Gamo Viper Express is a multipurpose spring- and piston-operated airgun that can function as a Shotgun or a standard air Rifle.

== Design and features ==
The weapon has a gray synthetic stock with soft rubber checkering on the grip for added comfort. This stock makes the weapon easy to use by both right- and left-handed users. The rear features a rubber grommet to better absorb recoil. The upper barrel features a ventilated shoulder strap, and the rear of the rifle features an 11 mm rail for accessories such as scopes or flashlights. The weapon has a blued finish.

The rifle/shotgun features a Gamo 1000 plant that generates 750 feet per second (228 m/s) with shotgun cartridges and 725 feet per second (220 m/s) with 5.5 mm caliber projectiles (pellets or BBs). It has the ability to penetrate 1/4" into compressed cardboard in shotgun mode. Because the weapon has a smooth barrel, it includes a grooved metal adapter no longer than 10 cm in length, which is used to insert common projectiles into the weapon.

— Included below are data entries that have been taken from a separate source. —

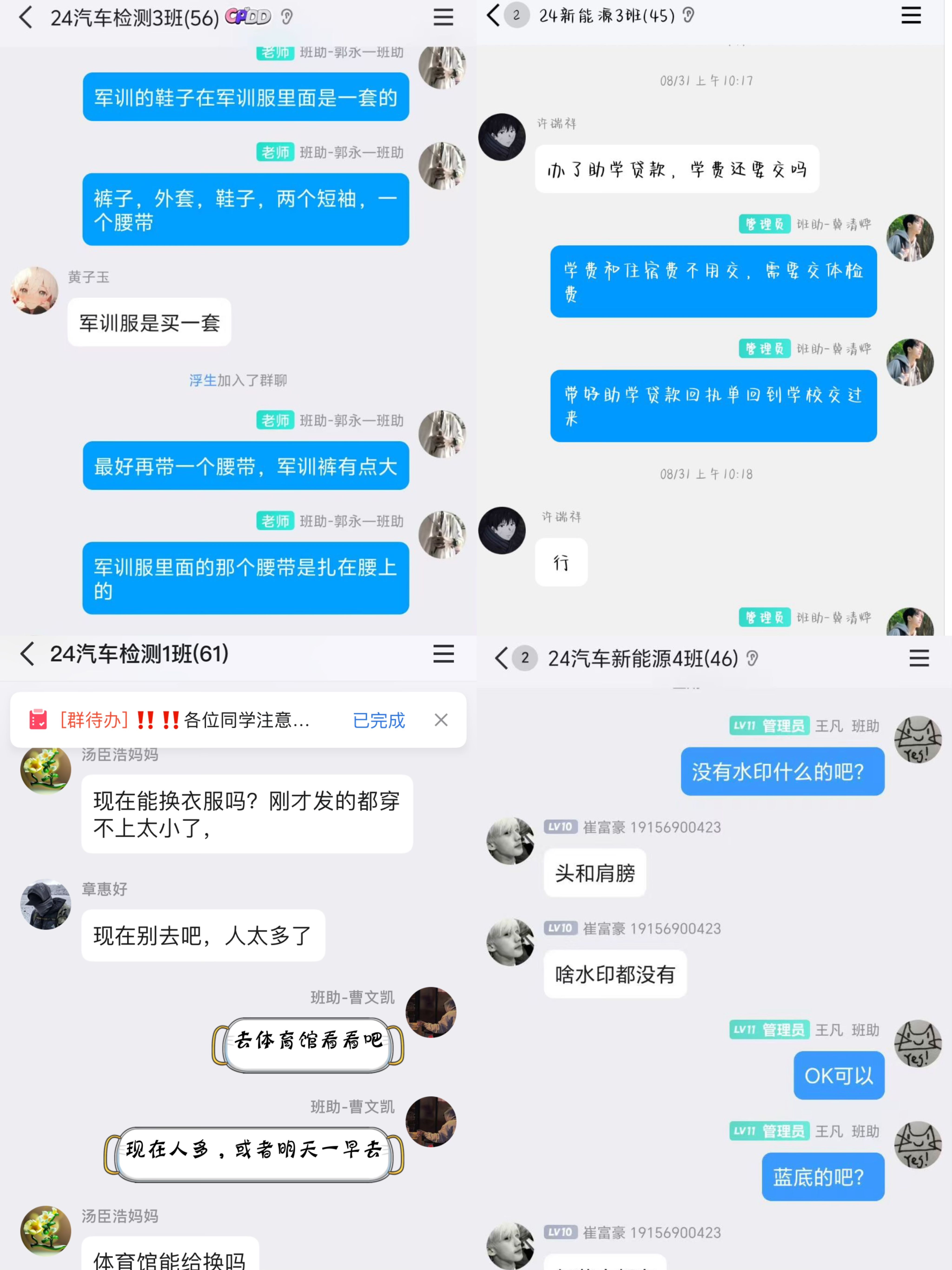 多措并举,护航新生。为了让新生们能够顺利报到,汽车技术学院提前开通迎新QQ群、咨询电话等多种渠道,及时发布报到指南。从入学档案转递到报到流程,从学费缴纳到吃穿住行,每一项信息都清晰明了。此外,学院为各新生班级配备高年级学姐学长作为班助通过多种方式与每位新同学建立联系,及时传达学校的最新消息,并为新生答疑解惑。
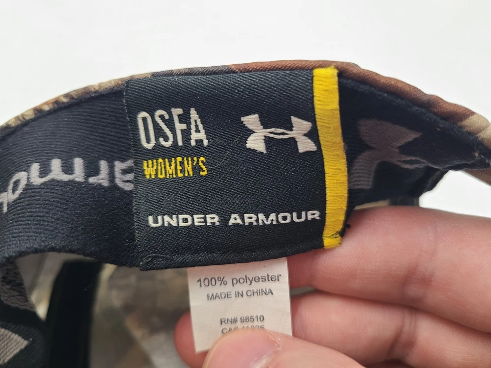 Material: Polyester Color: Brown Brand: Under armour Features: Adjustable Occasion: Activewear, Casual, Workwear Accents: Logo Department: Women Fabric Type: N/A Country of Origin: China Vintage: No Pattern: Camouflage Character: N/A Size: Adjustable Style: Army Cap Season: Fall, Spring, Summer, Winter Theme: American, Classic, Dad, Fish, Hunting, Outdoor, Sports, USA
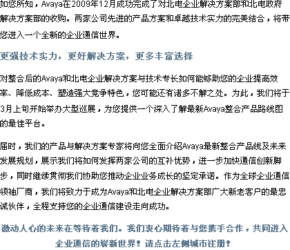 [Avaya/Nortel整合產(chǎn)品線渠道招募會(huì)10城市]
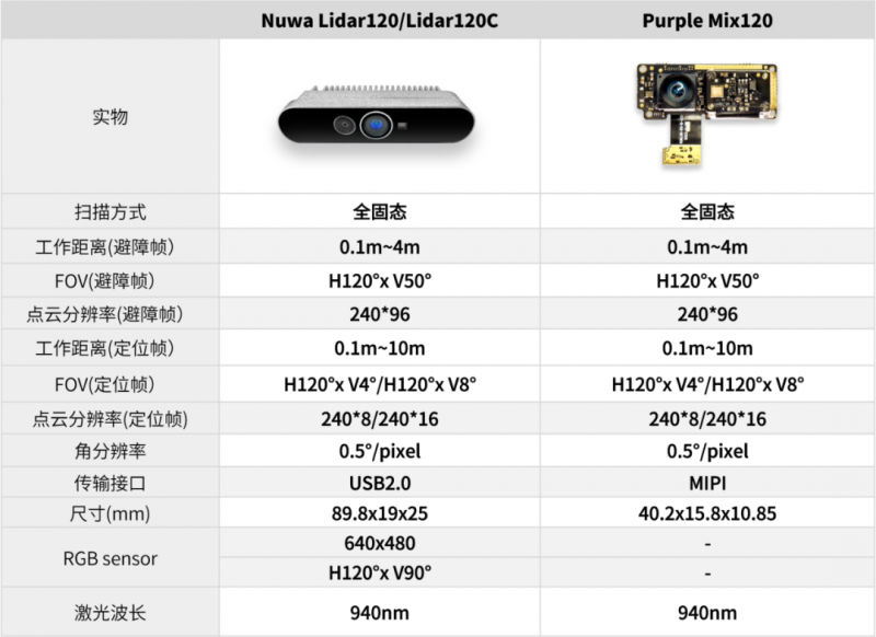 產(chǎn)品將重點(diǎn)針對機(jī)器人應(yīng)用領(lǐng)域,有效解決導(dǎo)航、避障功能模塊分離造成的機(jī)器人整機(jī)產(chǎn)品形態(tài)設(shè)計(jì)困難、傳感模塊多而成本高的問題。此外,傳統(tǒng)的LDS、單點(diǎn)/多點(diǎn)dToF線掃導(dǎo)航模塊都需要采用機(jī)械式或半固態(tài)的設(shè)計(jì),可靠性易受影響,而Nuwa-Lidar120和PurpleMix120都采用了全固態(tài)的方案,產(chǎn)品內(nèi)部沒有任何的機(jī)械振動和微機(jī)械振動,是針對產(chǎn)品可靠性和壽命優(yōu)化最理想的方案之一。
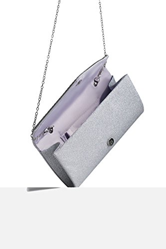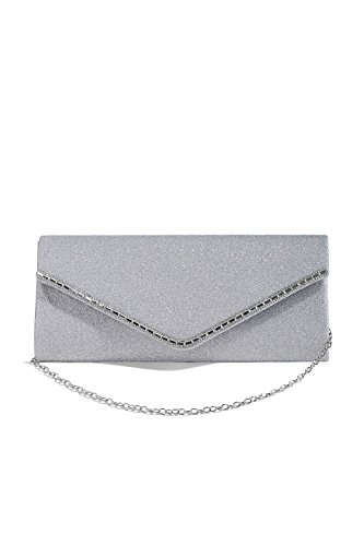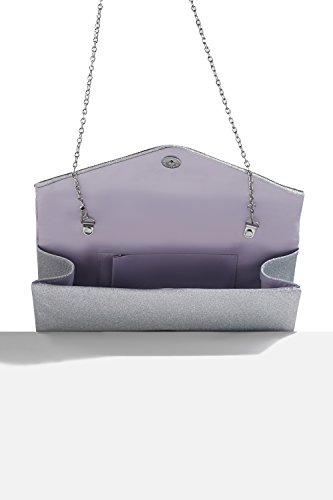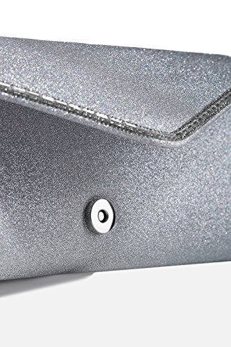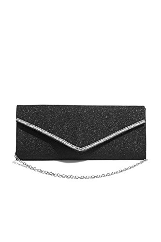 Sparkling envelope flap clutch with a magnetic clasp and a removable chain strap. Fully lined satin interior has a pocket for ID and credit cards. Perfect addition to your evening, formal, prom or cocktail outfit.
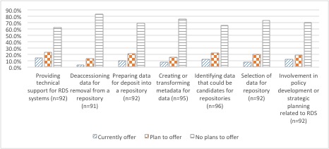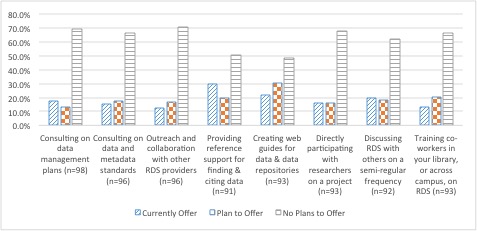 Objectives: The primary objectives of this study are to gauge the various levels of Research Data Service academic libraries provide based on demographic factors, gauging RDS growth since 2011, and what obstacles may prevent expansion or growth of services.
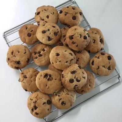 집 버터(만드는 법 전에 올렸어요)100g, 설탕 90g 넣고 크림화해요. 메이플시럽 20g, 두유90g, 바닐라익스트렉트 5g, 밀가루 250g, 베이킹파우더 4g, 베이킹소다 3g, 소금 1g, 초콜렛칩(혹은 건포도) 150g. 납작하게 만들어 180도 오븐 중간 단에서 10분 구워요. 엄청 맛있어요.
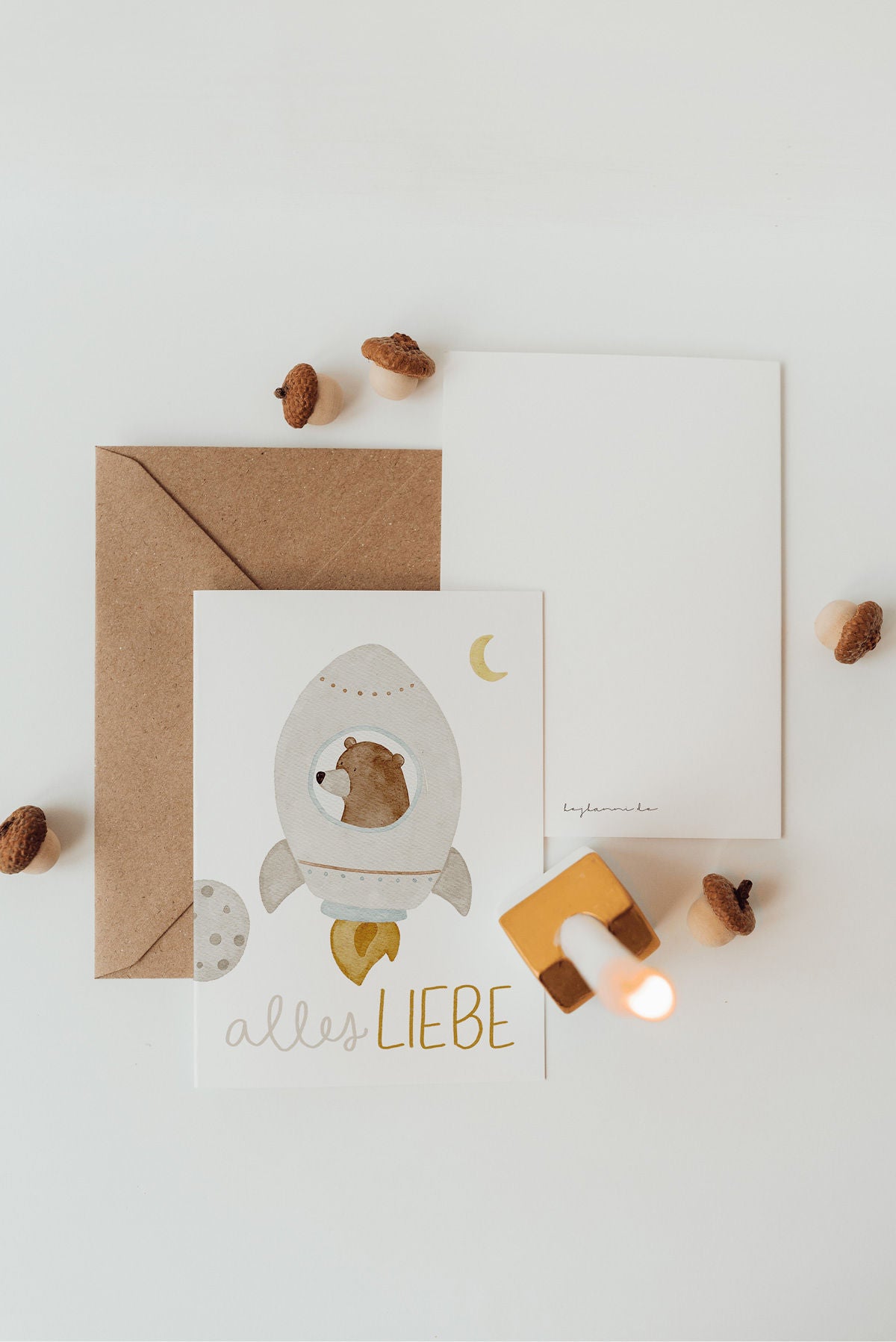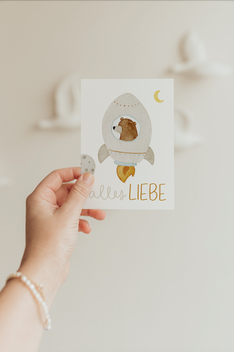 POSTKARTE GEBURTSTAG RAKETENBÄR
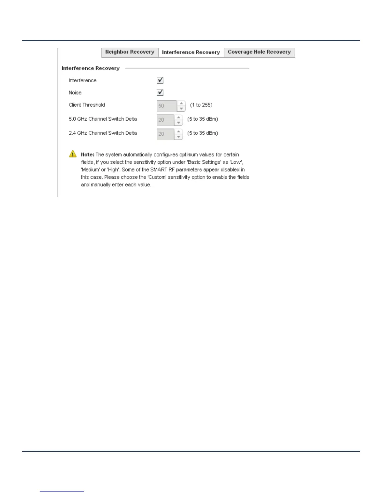 Figure 6-28 Smart RF Advanced Configuration screen - Interference Recovery tab

The weapon is spring- and piston-operated; it is cocked by breaking the barrel and is a single-shot weapon. The safety is automatically engaged when cocked to prevent accidental firing. The weapon uses reloadable cartridges; it is recommended to use a total of 17 grains (1.1 g) in size 9 pellets.

The weapon requires a cocking force of 30 lb and the trigger pull is 3.5 lb.